毎年秋になると、奈良国立博物館で正倉院の宝物展が開催される。第1回開催は1946年にさかのぼるが、以来、正倉院に保存されている宝物のうちから、毎年70点ほどが選ばれ、一般に公開されている。約20日聞の会期中に訪れる人は、毎回10万人以上に上り、2009年にはその数は30万人近くに達した。毎年泊まりがけで正倉院展を見に行く熱心なファンもいるほどだ。そして、そのだれもが、はるか昔に唐をはじめ、インド、ペルシャ、遠くはギリシャやローマなどからもたらされた、国際色豊かな工芸品を目にして感嘆の声を上げ、シルクロードと日本のつながりを強く実感させられる。

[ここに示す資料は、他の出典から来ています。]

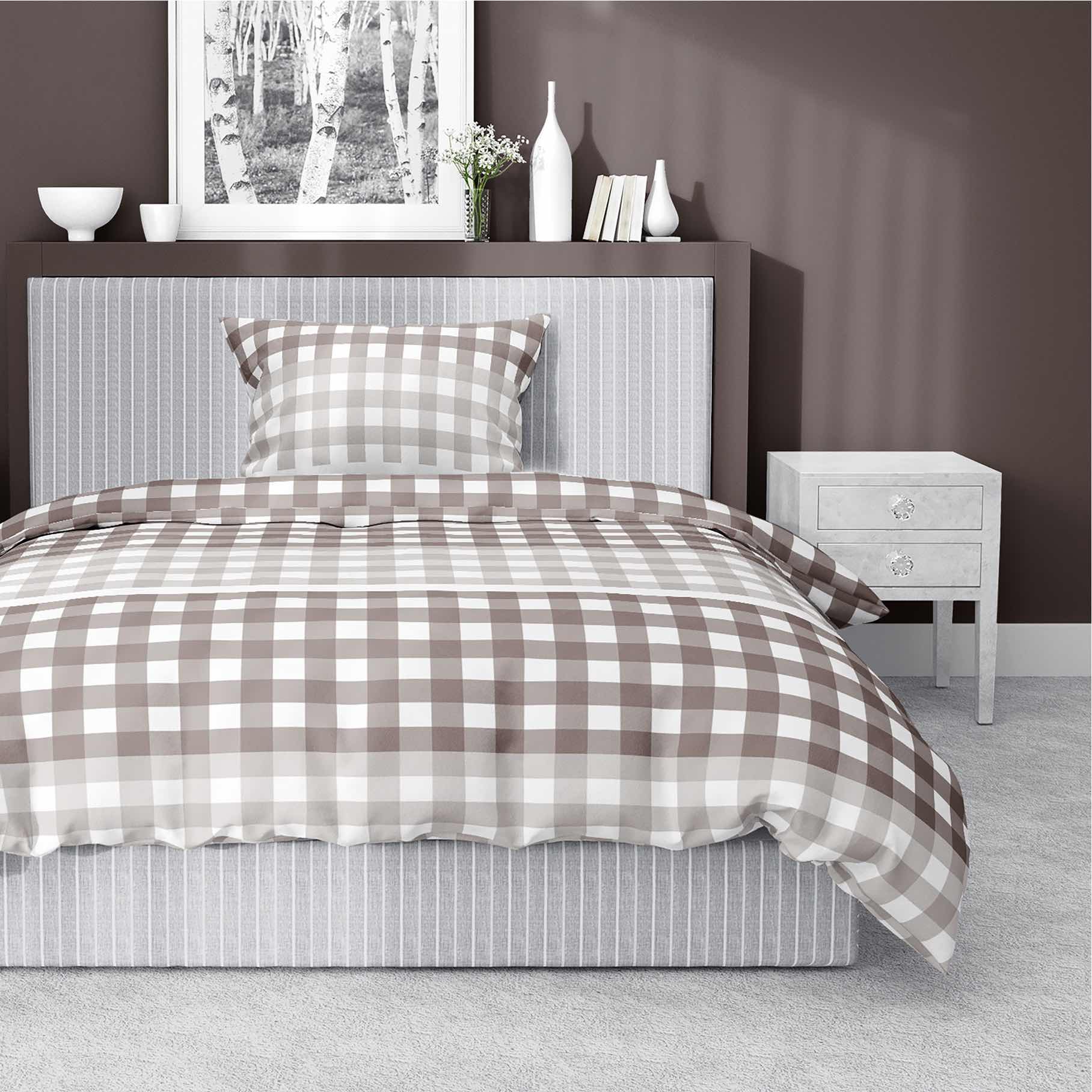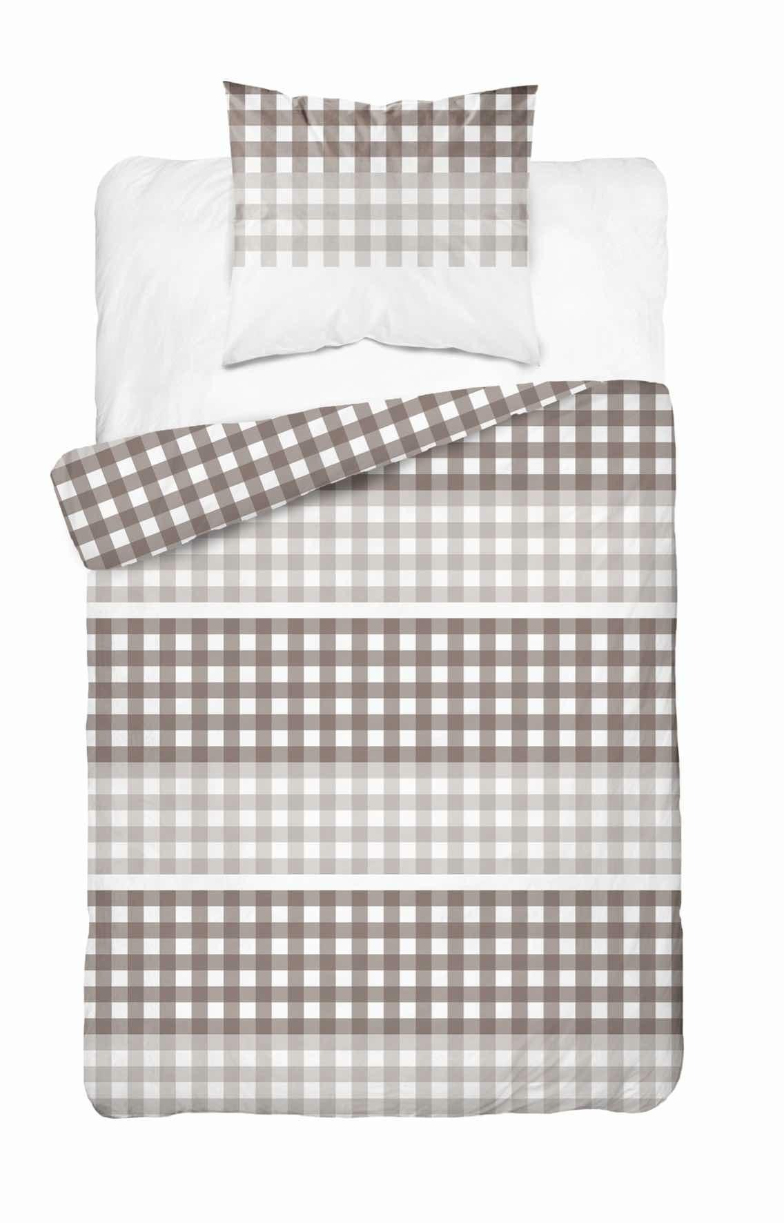 Pościel satynowa 140×200 beżowa kratka z jedną poszewką Home Satin 80
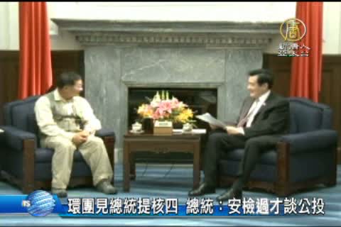 【新唐人亞太台2014年4月22日訊】今天是世界地球日,馬總統下午在總統府接見環保團體代表。馬總統表示,關於核四爭議,一切等核四通過安檢後,再去談公投問題。馬總統下午在總統府內接見包括荒野保護協會理事長賴榮孝、關懷生命協會創會理事長等環保團體代表,根據環團轉述,他們向總統提出對核四的疑慮。也向馬總統表示,林義雄對台灣未來非常擔心,才決定要禁食,馬總統則是回應,「如核四安檢未過,一切不動,如果通過安檢,再去談公投。」
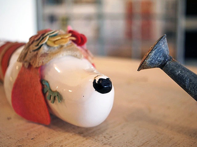 そのふるぼけて、のどかな空間のいろんなところに彼のアート作品がおいてある。
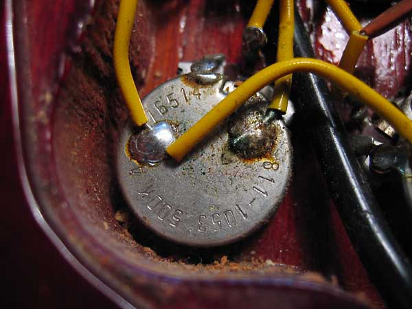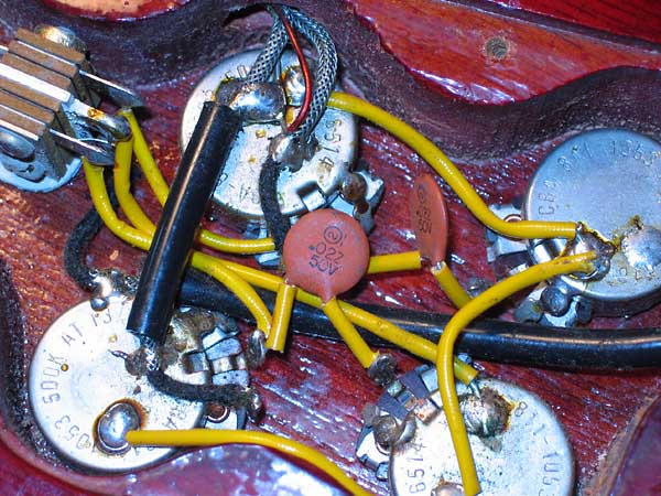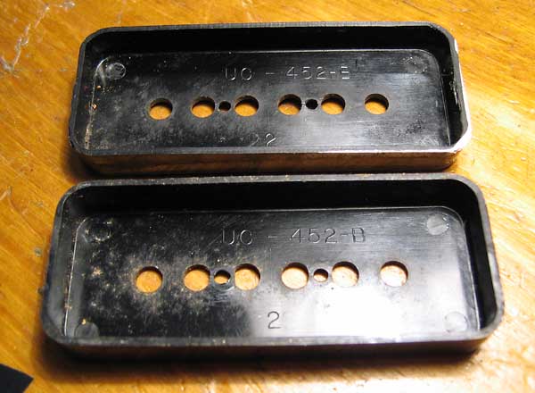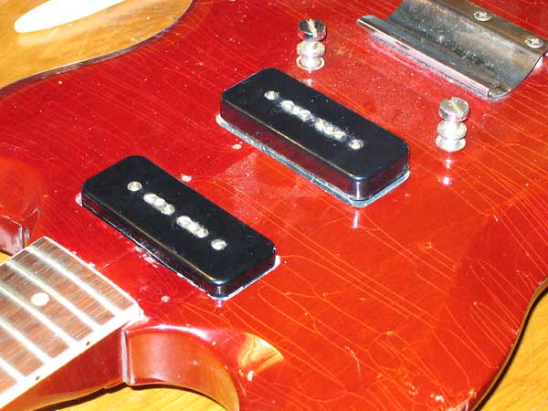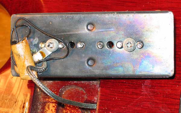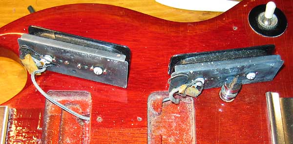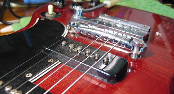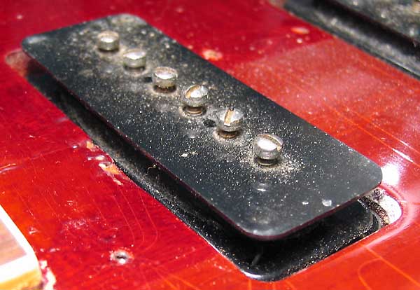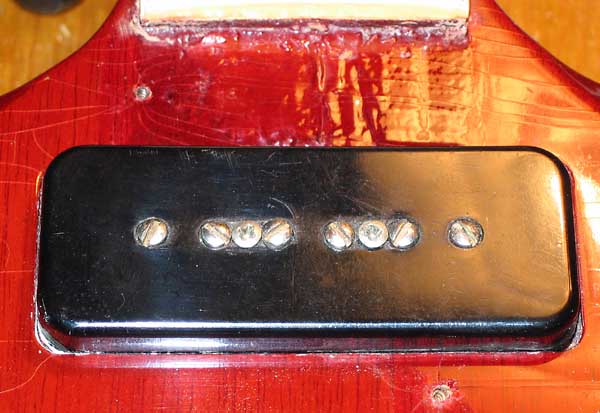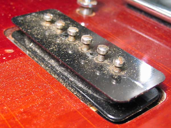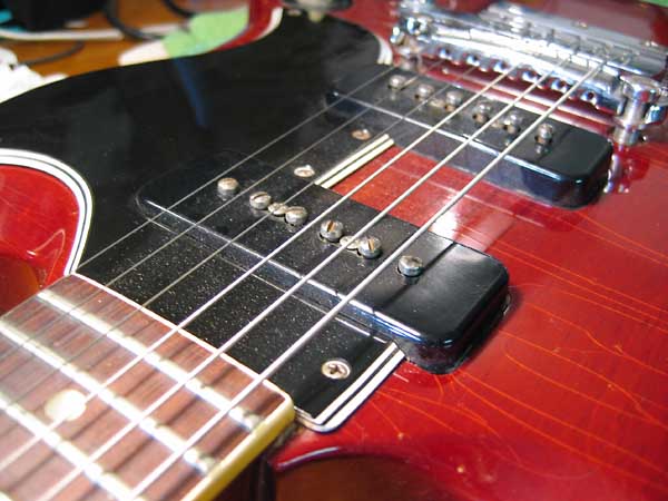 Esta guitarra lleva dos pastillas Gibson P-90 en formato "Soapbar" con cubiertas de plástico negras. Tal y como me llegó la guitarra tenía un sonido muy estridente y bastante feo debido a la forma en la que habían ajustado los tornillos de las piezas polares. Estas pastillas no llevaban muelles o gomas que "tiren" de ellas hacia arriba para ajustar la altura y debido al ángulo del mástil con respecto al cuerpo (4º) y a que la "tapa" no es arqueada quedan demasiado bajas con respecto a las cuerdas. El anterior dueño lo "solucionó" a base de subir exageradamente las piezas polares provocando este problema. Más adelante veremos la solución a esto.
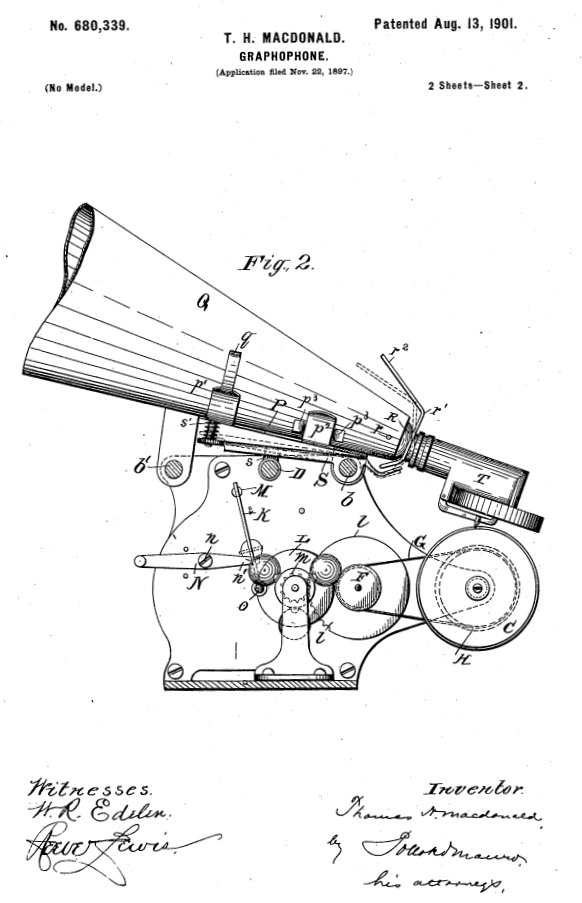 November 22, 1897: Thomas Macdonald filed for a U.S. patent for a “Graphophone.” This would become the extraordinarily successful Type Q, which was probably the best-selling cylinder talking machine in the world.
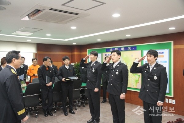 서울 구로소방서는 지난 1일 소방서 2층 서장실에서 팀장이상 간부가 참석한 가운데 승진한 소방공무원에 대한 임용신고를 실시했다. 사진은 승진자들이 장현태 서장에게 경례를 하는 모습.(사진제공=구로소방서)

シルクロードを訪ねる日本人旅行者も増えている。西安、敦煌はもちろんのことかつてはシルクロードのオアシスといわれ、現在では中国有数の工業・商業の中心地へと変貌したウルムチや、古くからシルクロードの重要な拠点として栄え、『西遊記』の舞台にもなったトルファン、千数百年の時間を砂の中で眠り続けた楼蘭などを訪ねる人々も多い。

そんな旅行者が異口同音に言う。「1200年以上も前から日本は世界につながっていたのだ」と、その日本と世界をつないでいたのがシルクロードだと思うと、壮大なロマンを感じるではないか。